- RECORDED INFORMATION -
━━━━━━━━━━━━━━━━━━━━
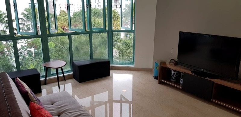 Step into a bright and airy sanctuary at Ballota Park Condominium, where large bay windows invite abundant natural light and frame stunning unblocked views of lush greenery. The marble flooring in the living area enhances the spacious ambiance, making it an ideal space for relaxation and entertaining.
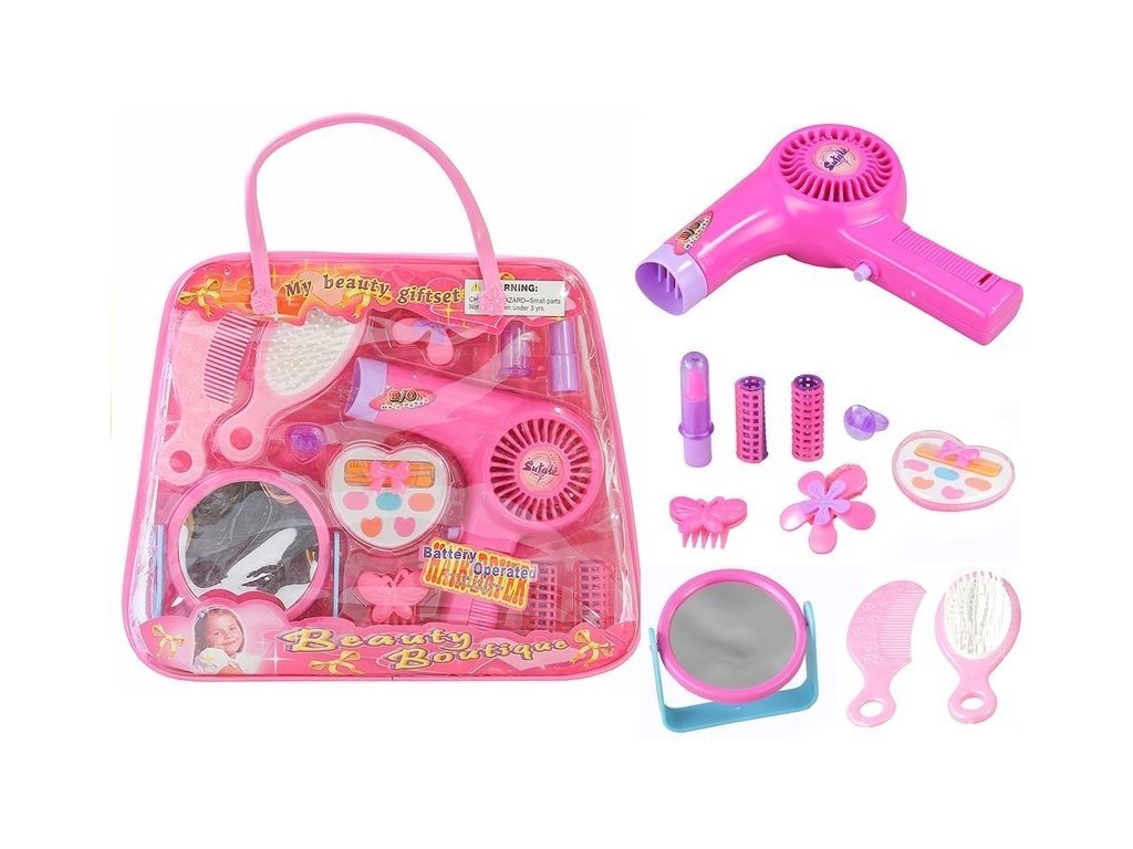 Fén na vlasy je napájen 1 baterií typu AA 1,5 V, která není součástí balení. Po vložení baterie a stisknutí tlačítka hračka vysouší vlasy velmi lehkým proudem vzduchu a přitom vydává charakteristický zvuk. Set je vyroben z pevného, odolného plastu. Konstrukce hraček je bez špičatých a nebezpečných konců, přesto dokonale napodobuje vzhled opravdových předmětů.
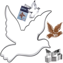 Práctico cortador de acero inoxidable con forma de paloma con alas para crear fácilmente galletas, pan de jengibre y decoraciones de fondant. Gracias a sus dimensiones de 6 × 5 cm y al acero inoxidable resistente, realiza contornos limpios, tiene un uso versátil en la cocina y es apto para lavavajillas.
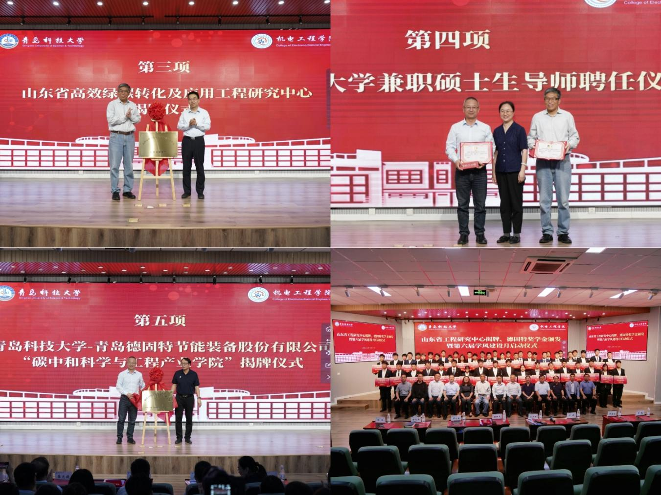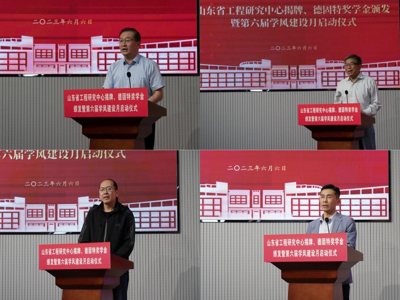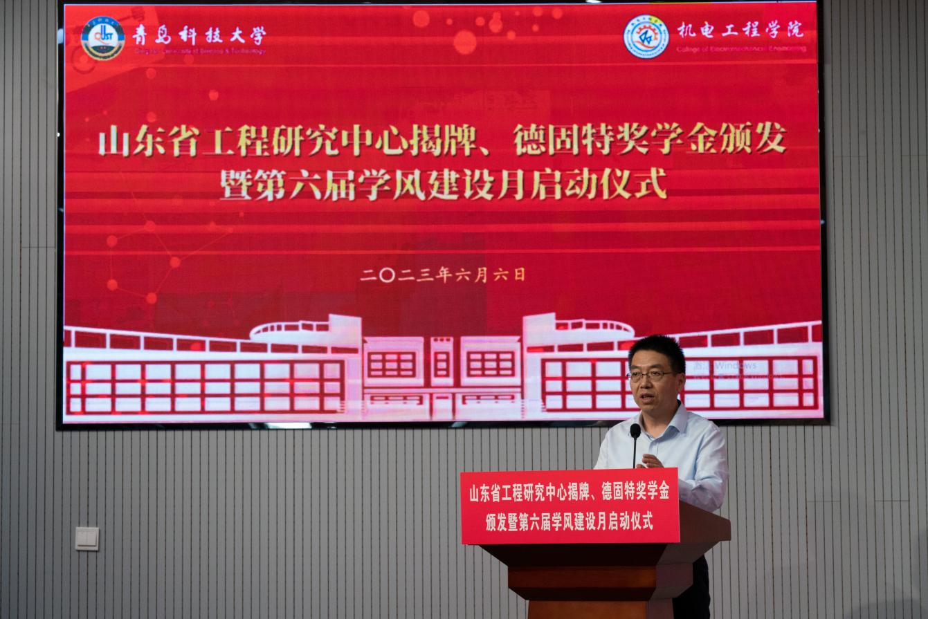 在D3楼530举办山东省工程研究中心揭牌、碳中和产业学院揭牌、德固特奖学金颁发暨第六届学风建设月启动仪式。学校党委常委、副校长吕万翔出席仪式并讲话,学生处、校团委、教务处相关负责人,青岛德固特节能装备股份有限公司董事长魏振文,副总经理崔建波,学院领导班子及师生代表参加会议。会议由学院党委副书记兼副院长肖强主持。
━━━━━━━━━━━━━━━━━━━━
- WORK REQUIRED -
Without including any picture, repeat the data exactly.

- SOLUTION TO THIS TASK -
 Step into a bright and airy sanctuary at Ballota Park Condominium, where large bay windows invite abundant natural light and frame stunning unblocked views of lush greenery. The marble flooring in the living area enhances the spacious ambiance, making it an ideal space for relaxation and entertaining.
 Fén na vlasy je napájen 1 baterií typu AA 1,5 V, která není součástí balení. Po vložení baterie a stisknutí tlačítka hračka vysouší vlasy velmi lehkým proudem vzduchu a přitom vydává charakteristický zvuk. Set je vyroben z pevného, odolného plastu. Konstrukce hraček je bez špičatých a nebezpečných konců, přesto dokonale napodobuje vzhled opravdových předmětů.
 Práctico cortador de acero inoxidable con forma de paloma con alas para crear fácilmente galletas, pan de jengibre y decoraciones de fondant. Gracias a sus dimensiones de 6 × 5 cm y al acero inoxidable resistente, realiza contornos limpios, tiene un uso versátil en la cocina y es apto para lavavajillas.
 在D3楼530举办山东省工程研究中心揭牌、碳中和产业学院揭牌、德固特奖学金颁发暨第六届学风建设月启动仪式。学校党委常委、副校长吕万翔出席仪式并讲话,学生处、校团委、教务处相关负责人,青岛德固特节能装备股份有限公司董事长魏振文,副总经理崔建波,学院领导班子及师生代表参加会议。会议由学院党委副书记兼副院长肖强主持。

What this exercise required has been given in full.